How useful is GPU manufacturer TDP for estimating AI workload energy?
Manufacturer provided Thermal Design Power (TDP) figures are often used to estimate energy consumption of GPU AI workloads, but how useful are they?
The biggest challenge with assessing the energy impact of AI workloads is the lack of data. Model developers rarely publish useful data about the machines, configuration, training time, or any other figures that could be used to calculate how much energy was involved.
Despite this, we still get weird and wonderful estimates such as “A single ChatGPT conversation uses about fifty centilitres of water, equivalent to one plastic bottle.” (Forbes) and total ChatGPT energy consumption being enough to charge every EV in the United States four times (BestBrokers).
Without commenting specifically on these particular estimates, the first question to ask whenever you see any of these claims is: what is the methodology behind the calculation?
As we found in the data center energy review I co-authored, most of the ridiculous estimates are a result of extrapolation. If power consumption was x
for y
users in the past, let’s just figure out how many more users there will be and assume the energy consumption is the same for each user1.
Estimating power consumption (x
) is where you should pay attention.
Thermal Design Power (TDP): Keyword “maximum”
In the absence of actual energy measurements, estimations often look to the manufacturer specifications. These are useful to understand the maximum power draw of a particular component or system.
The key word there is maximum.
For example, an Nvidia H100 SXM GPU TDP is (up to) 700W. The H100 DGX node is 10,200 W. These can be seen from the datasheet:

A common error is to take TDP as the actual power draw, but that is rarely achieved. To produce accurate estimates for real workloads, you have to measure the actual power draw of the system under realistic conditions. This is time consuming and expensive, so most people don’t bother.
For servers, the SPECpower database is often used because of the test runs, but the same type of data isn’t available for GPUs.
Evaluating the Node Level Power Draw
At the Open Compute Global Summit in October 2024, Alex Newkirk gave a great presentation of real world measurements he and his team conducted for real AI workload power draw. This used a DGX H100 node to run training for Resnet 2, LLAMA-13b, and several other open source training sets from the MLPerf™ Training v4.0 benchmark.
It’s worth watching the short presentation, but the highlights are:
Workload configuration had a significant impact on energy usage. Using higher batch sizes caused higher instantaneous power demand, but used less energy overall.
The number of nodes had an opposite effect - more nodes resulted in shorter training time, but more energy use.
The manufacturer TDP was never reached, even with more model parameters.
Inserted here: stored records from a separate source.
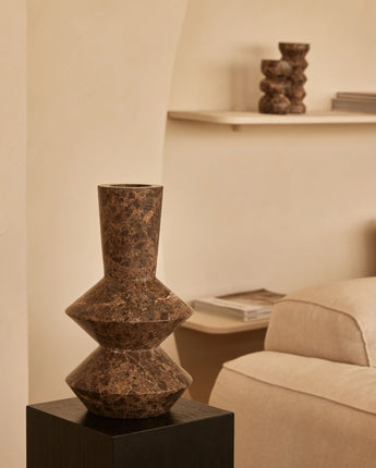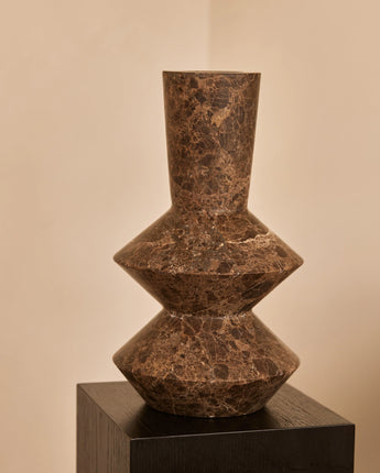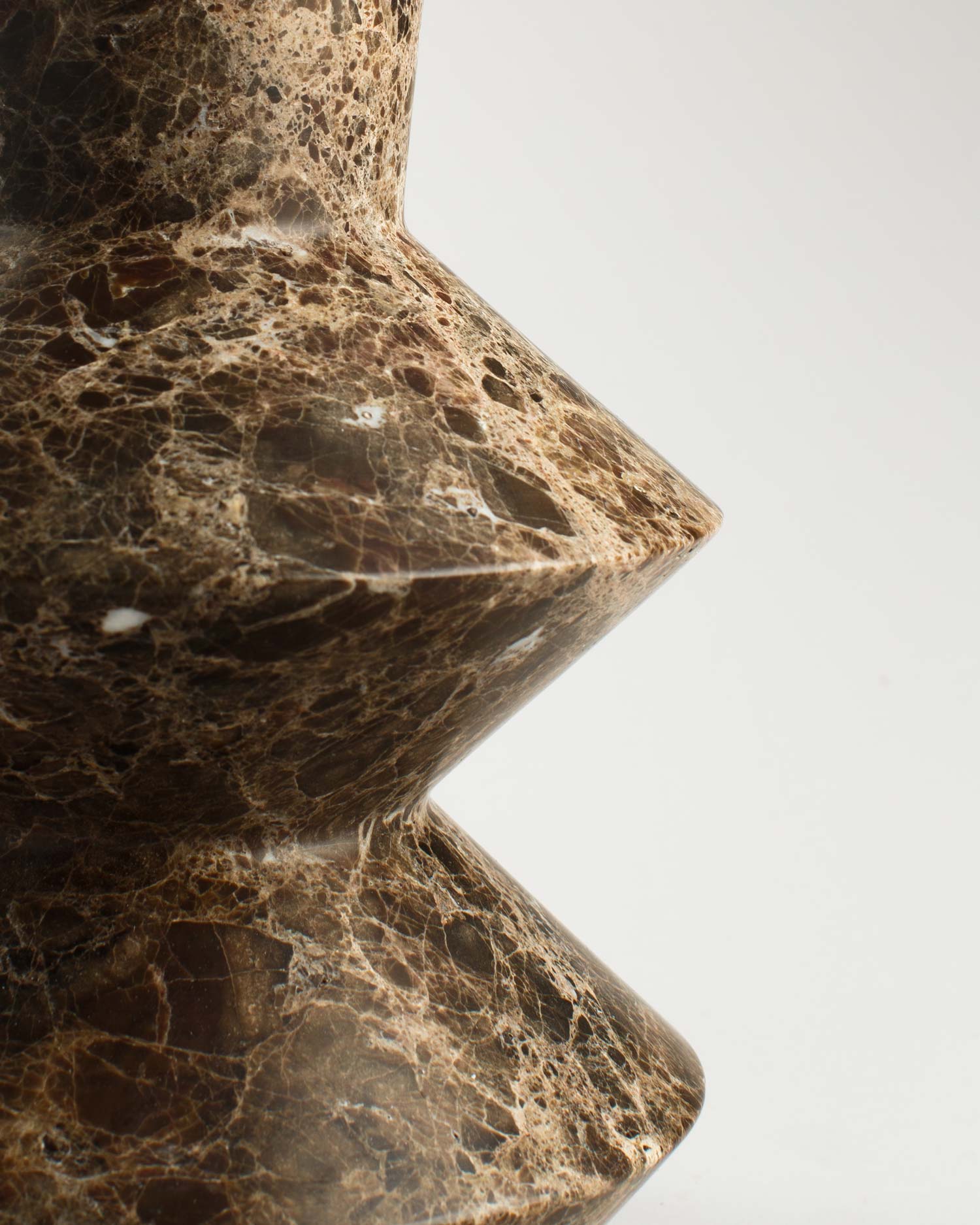 Vasen Rhombus i Dark Emperador-marmor har djupa bruntoner. Med sin höjd på 35 cm blir den ett imponerande blickfång, perfekt för större blomsterarrangemang. Marmorns unika ådringar gör varje vas unik och full av karaktär.
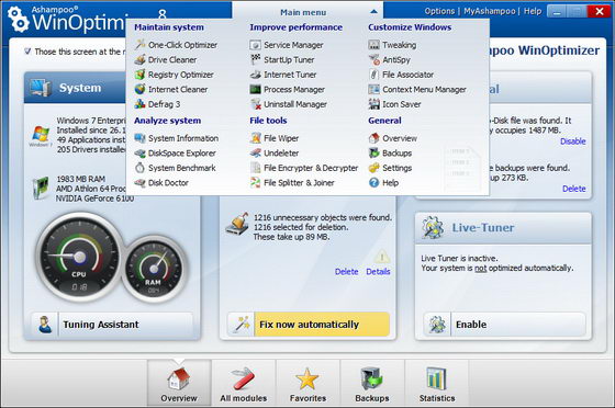 Ashampoo WinOptimizer - новая восьмая линейка пакета программ, позволяющего оптимизировать операционную систему за счет ее настройки и очистки. Включает в себя утилиты для очистки жесткого диска и системного реестра, модуль для обеспечения защиты личной информации путем поиска и удаления файлов и данных, оставшихся после интернет-cepфингa, утилиту для оптимизации интернет-соединения, модуль для настройки программ, автозагружаемых одновременно с запуском системы, а также модули для поиска и удаления ненужных фaйлoв DLL, для безвозвратного удаления данных и для шифрования файлов.
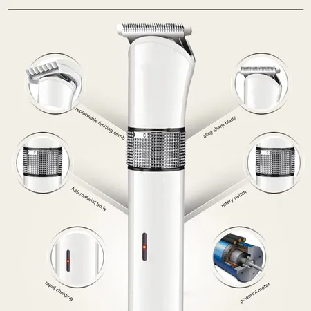 SS T-blade, rotary switch,waterproof, 2.4V 2*400mha rechargeable batteries , 8 hour charging time,40 minutes running time 3/6/9/12 MM adjustable comb
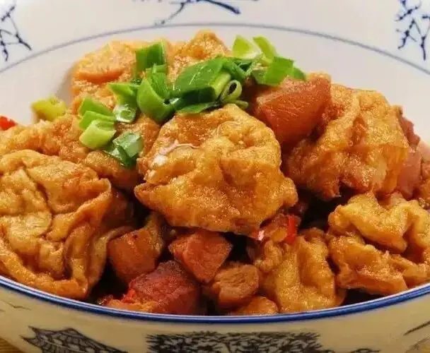 猪脸肉40克、蒜苗70克、大红椒90克、猪肉38克、云耳3克、豆腐55克、包菜90克、鸡蛋10克、西红柿20克。
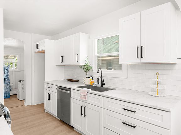 This adorable 2 bed 2 bath cottage has been completely renovated from top to bottom and is bursting with character and charm, perfectly blending modern updates with a cozy vibe. Inside you are greeted to a living space with fresh paint, LVP flooring, and new carpet. The NEW kitchen is a showstopper- featuring soft close cabinets, stainless steel appliances, and a beautiful tile backsplash. Main floor living with master bedroom with full bathroom and laundry room/mudroom! The downstairs feels like its own suite with a large bedroom, family room, and full bathroom as well! Both bathrooms have been fully updated with contemporary fixtures and designer finishes. Outside, find a freshly repainted exterior, spacious yard with a sprinkler system; and enjoy your updated deck- perfect for morning coffee, relaxing evenings, or hosting small get-togethers. Newer water heater, and HVAC! Located close to parks, shopping, and everything you need. Small in size but big on style-this one won't last long!
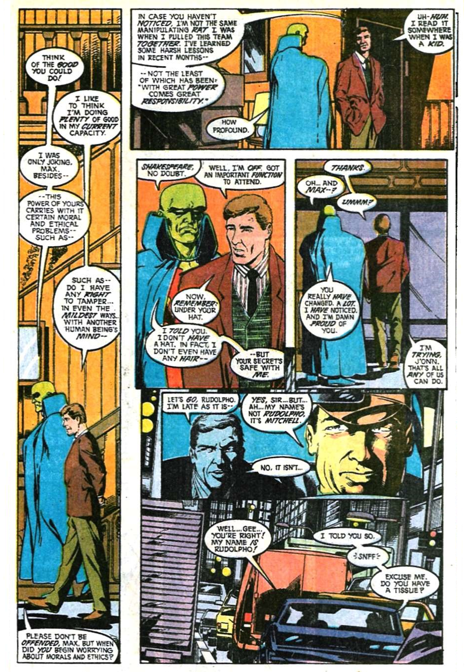We begin with Max confessing and demonstrating his power to J’Onn. Even Martian mental strength is no shield against it. Max implants a small illusion in J’Onn’s mind, though J’Onn soon realizes it wasn’t real. J’Onn suggests that this makes Max “something of a super-hero. I can see it now! We’ll get Fire to design you a garish costume…”

A good rule of thumb is 75% of TDP, but even that shows a wide range.


So many parameters
The talk also mentioned a 2023 preprint from Wang et al. which highlighted the difference between node generations: Nvidia RTX 8000 vs A-100.

This backs up a 2022 Google paper which showed how model choice and hardware generation make a major difference in energy consumption (see my post about it).
Timestamp estimates
Any estimate must include a timestamp because training costs are falling rapidly. From Sam Altman:
The cost to use a given level of AI falls about 10x every 12 months, and lower prices lead to much more use. You can see this in the token cost from GPT-4 in early 2023 to GPT-4o in mid-2024, where the price per token dropped about 150x in that time period. Moore’s law changed the world at 2x every 18 months; this is unbelievably stronger.
This is especially a problem for academic research because of the incredibly slow pace. It’s common for papers to take 1-2 years to be published, by which time they are entirely out of date. The only way to assess them is precise dates are provided.
If model developers released more data about the energy profile of their training runs then we’d have a clearer picture. In the absence of this, be careful when you come across AI energy estimates - understanding data center energy is difficult enough. AI energy consumption is even more challenging.
It may be a bit more sophisticated than that, but not much.